§ What to produce
Nothing outside the range is to be copied. From the entries below, reproduce exactly the lines starting at the one with "Vanaf 7 jaar" and ending at the one with "的确,除了意外情况之外,日常", without pictures.

§ Working data
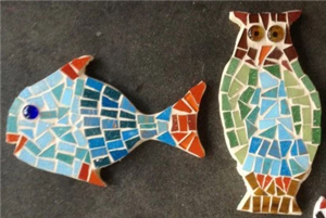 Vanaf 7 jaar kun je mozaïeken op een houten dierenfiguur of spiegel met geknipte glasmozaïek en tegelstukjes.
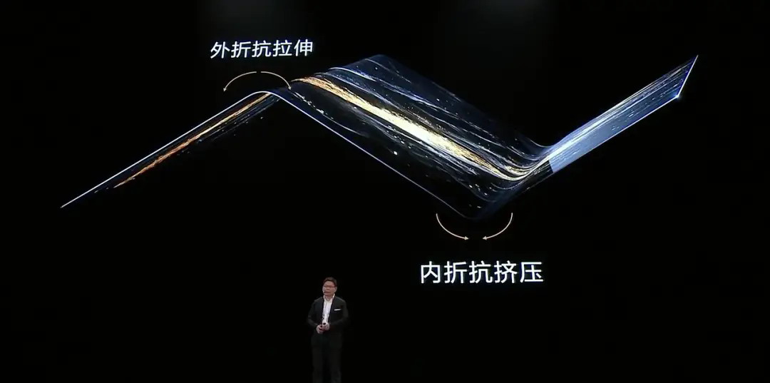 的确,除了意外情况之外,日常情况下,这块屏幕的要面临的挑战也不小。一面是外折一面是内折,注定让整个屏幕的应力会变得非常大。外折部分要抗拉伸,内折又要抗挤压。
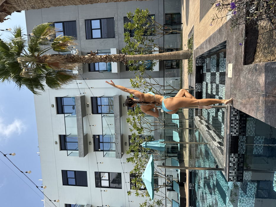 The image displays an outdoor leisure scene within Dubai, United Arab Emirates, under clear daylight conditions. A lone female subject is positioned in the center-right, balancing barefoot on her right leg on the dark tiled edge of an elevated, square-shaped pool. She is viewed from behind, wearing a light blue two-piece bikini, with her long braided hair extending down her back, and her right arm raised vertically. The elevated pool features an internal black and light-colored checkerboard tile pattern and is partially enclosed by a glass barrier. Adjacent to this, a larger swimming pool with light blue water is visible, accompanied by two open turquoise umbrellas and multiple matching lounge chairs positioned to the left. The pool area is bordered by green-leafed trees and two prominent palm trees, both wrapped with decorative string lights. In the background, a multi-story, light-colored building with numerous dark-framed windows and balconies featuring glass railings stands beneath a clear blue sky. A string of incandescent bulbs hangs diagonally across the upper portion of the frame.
--
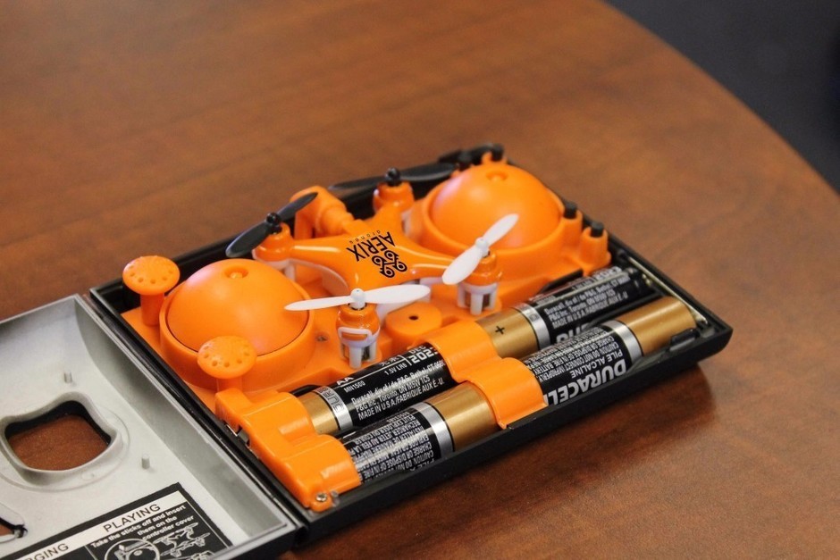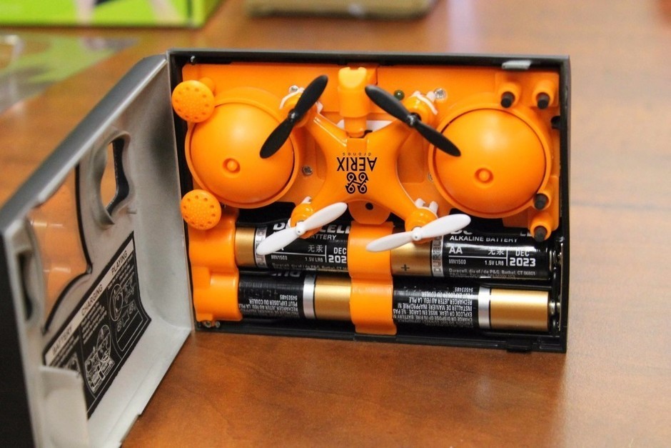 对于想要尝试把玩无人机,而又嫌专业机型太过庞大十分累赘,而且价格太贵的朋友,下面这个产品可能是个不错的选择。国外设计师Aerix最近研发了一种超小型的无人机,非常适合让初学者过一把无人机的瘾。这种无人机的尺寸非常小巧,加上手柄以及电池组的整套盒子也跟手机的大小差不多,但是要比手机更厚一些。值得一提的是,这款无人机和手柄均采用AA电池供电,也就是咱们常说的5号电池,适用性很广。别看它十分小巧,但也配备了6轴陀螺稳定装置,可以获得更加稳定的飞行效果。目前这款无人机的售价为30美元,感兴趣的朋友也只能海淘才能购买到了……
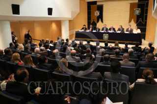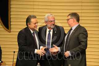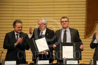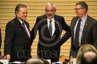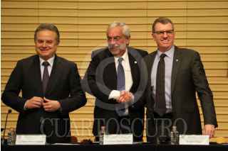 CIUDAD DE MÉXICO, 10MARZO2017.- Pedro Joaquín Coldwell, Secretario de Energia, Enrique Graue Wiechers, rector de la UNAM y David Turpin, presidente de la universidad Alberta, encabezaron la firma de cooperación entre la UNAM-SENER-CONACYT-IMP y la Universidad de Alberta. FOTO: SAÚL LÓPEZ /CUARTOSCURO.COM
--
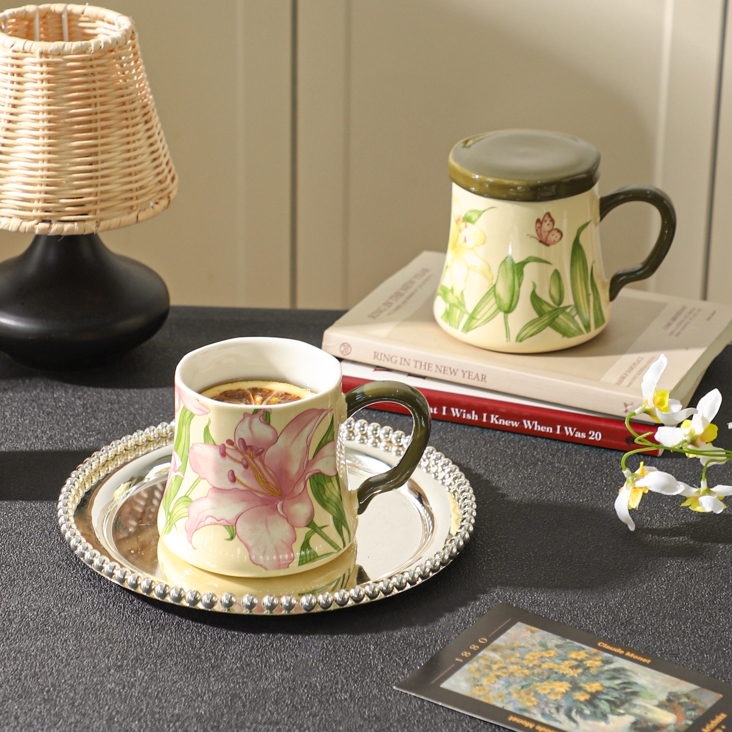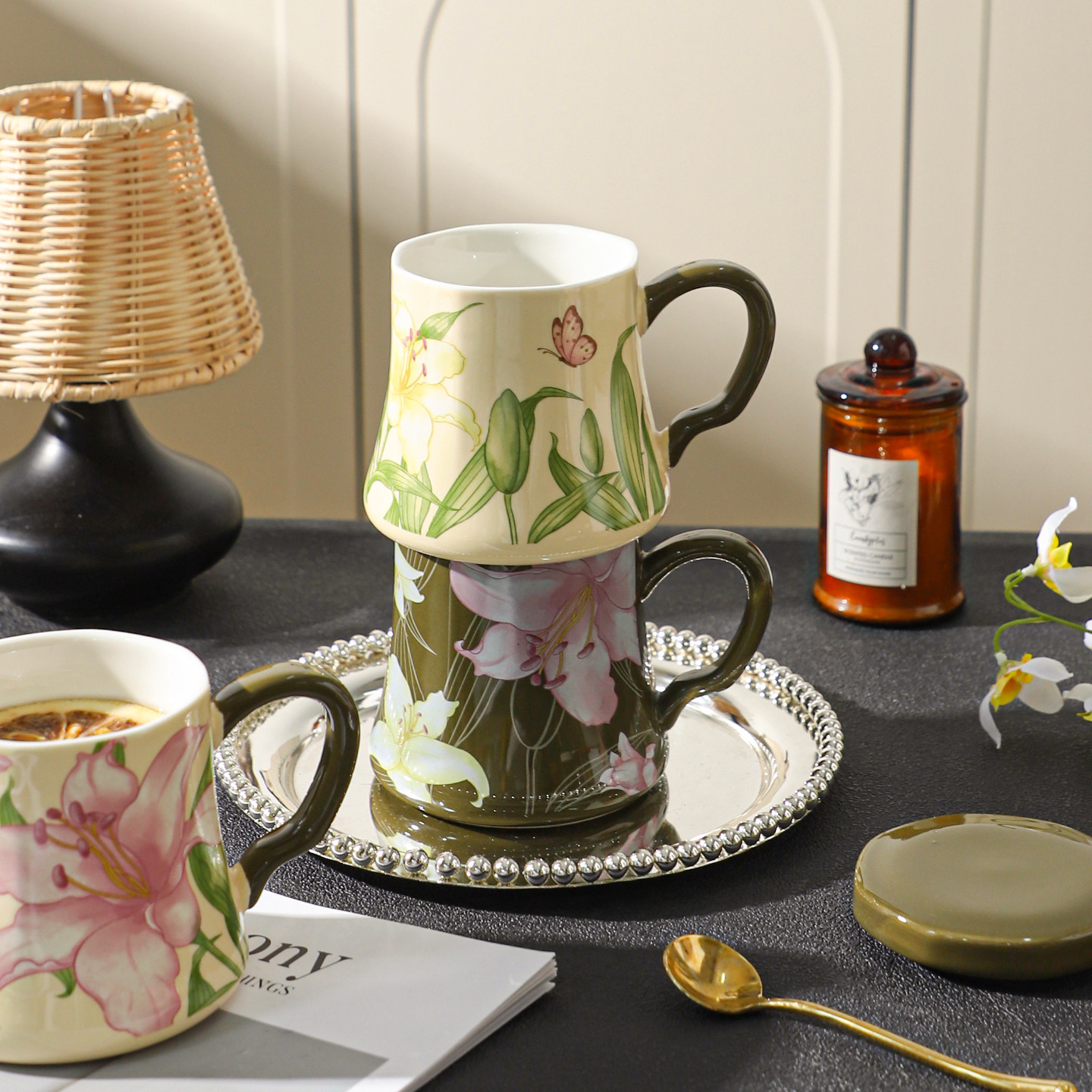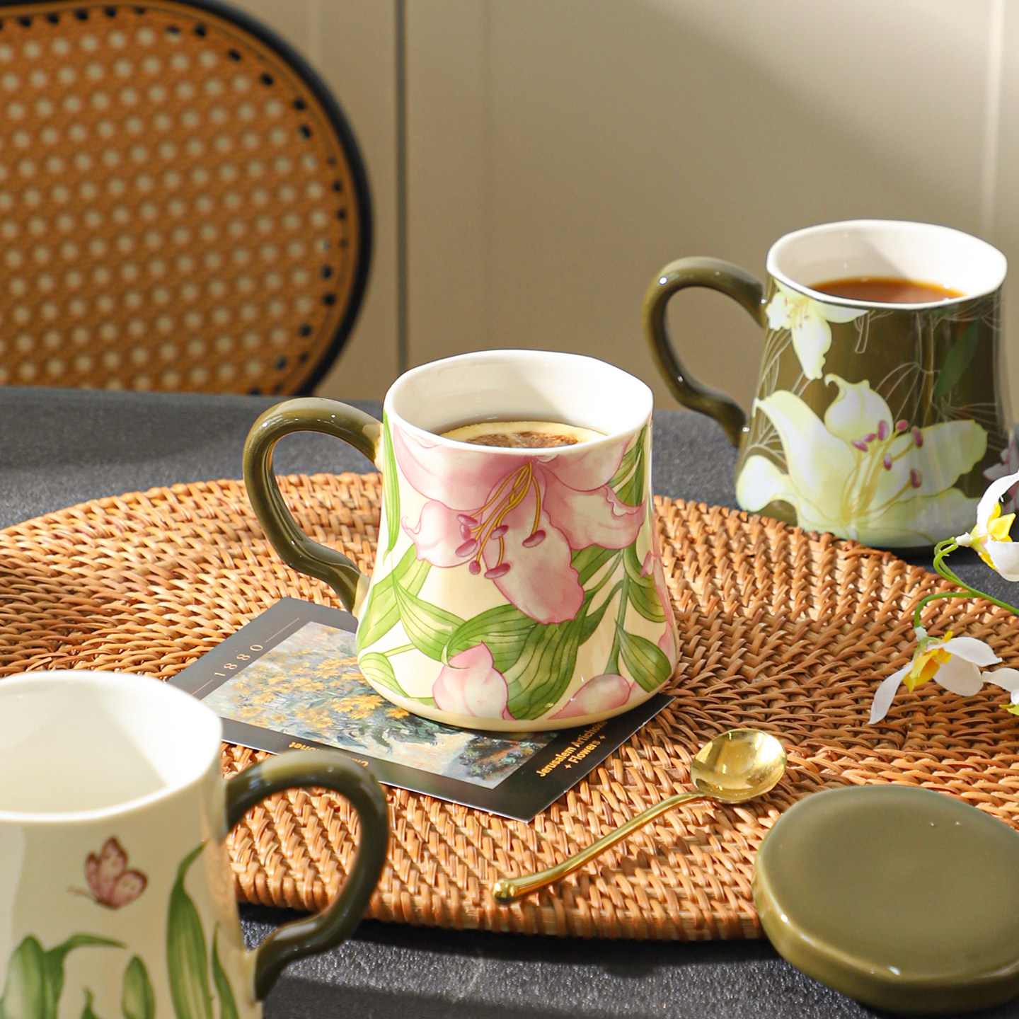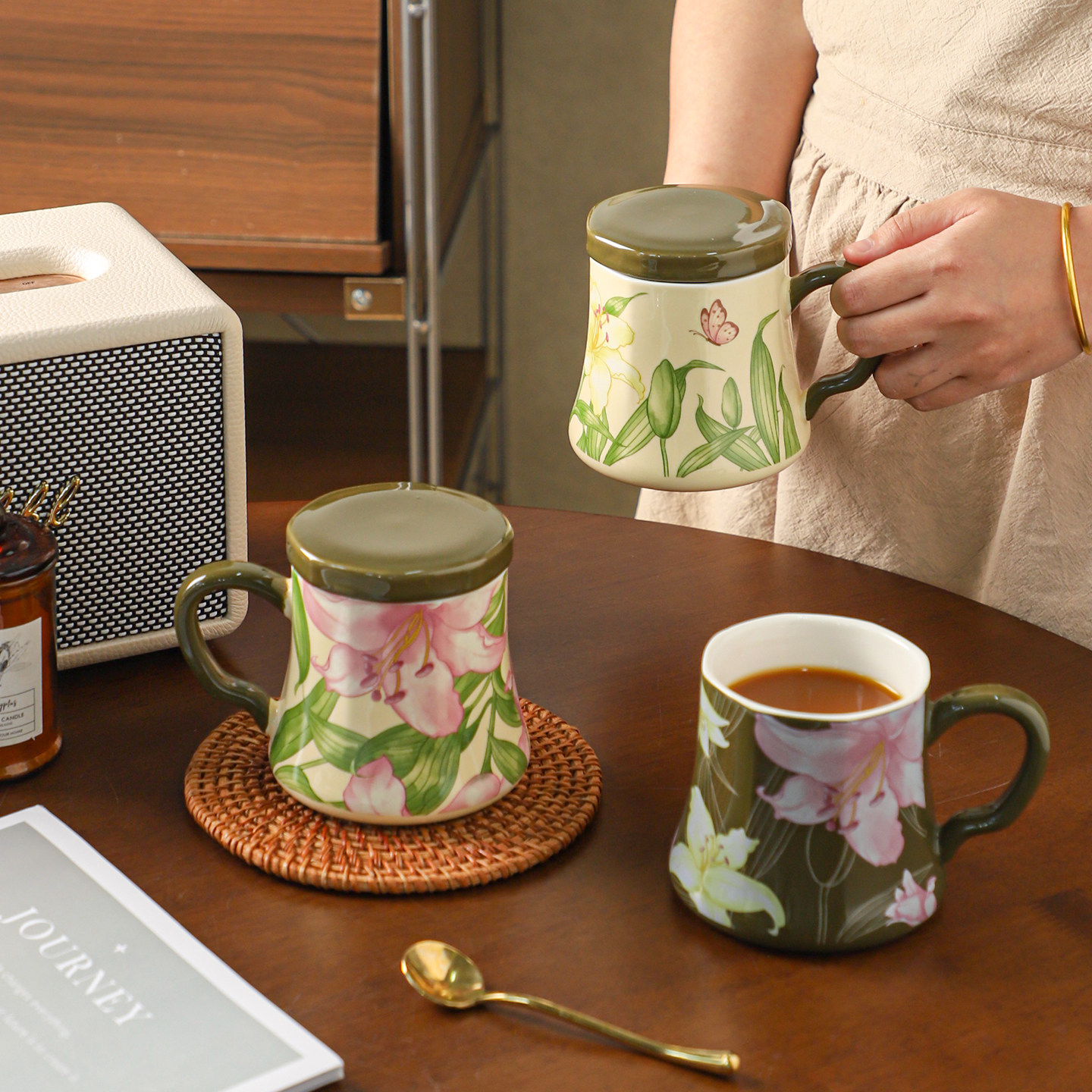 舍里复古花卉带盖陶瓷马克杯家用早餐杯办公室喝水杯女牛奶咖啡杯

§ Task solution
 Vanaf 7 jaar kun je mozaïeken op een houten dierenfiguur of spiegel met geknipte glasmozaïek en tegelstukjes.
 的确,除了意外情况之外,日常情况下,这块屏幕的要面临的挑战也不小。一面是外折一面是内折,注定让整个屏幕的应力会变得非常大。外折部分要抗拉伸,内折又要抗挤压。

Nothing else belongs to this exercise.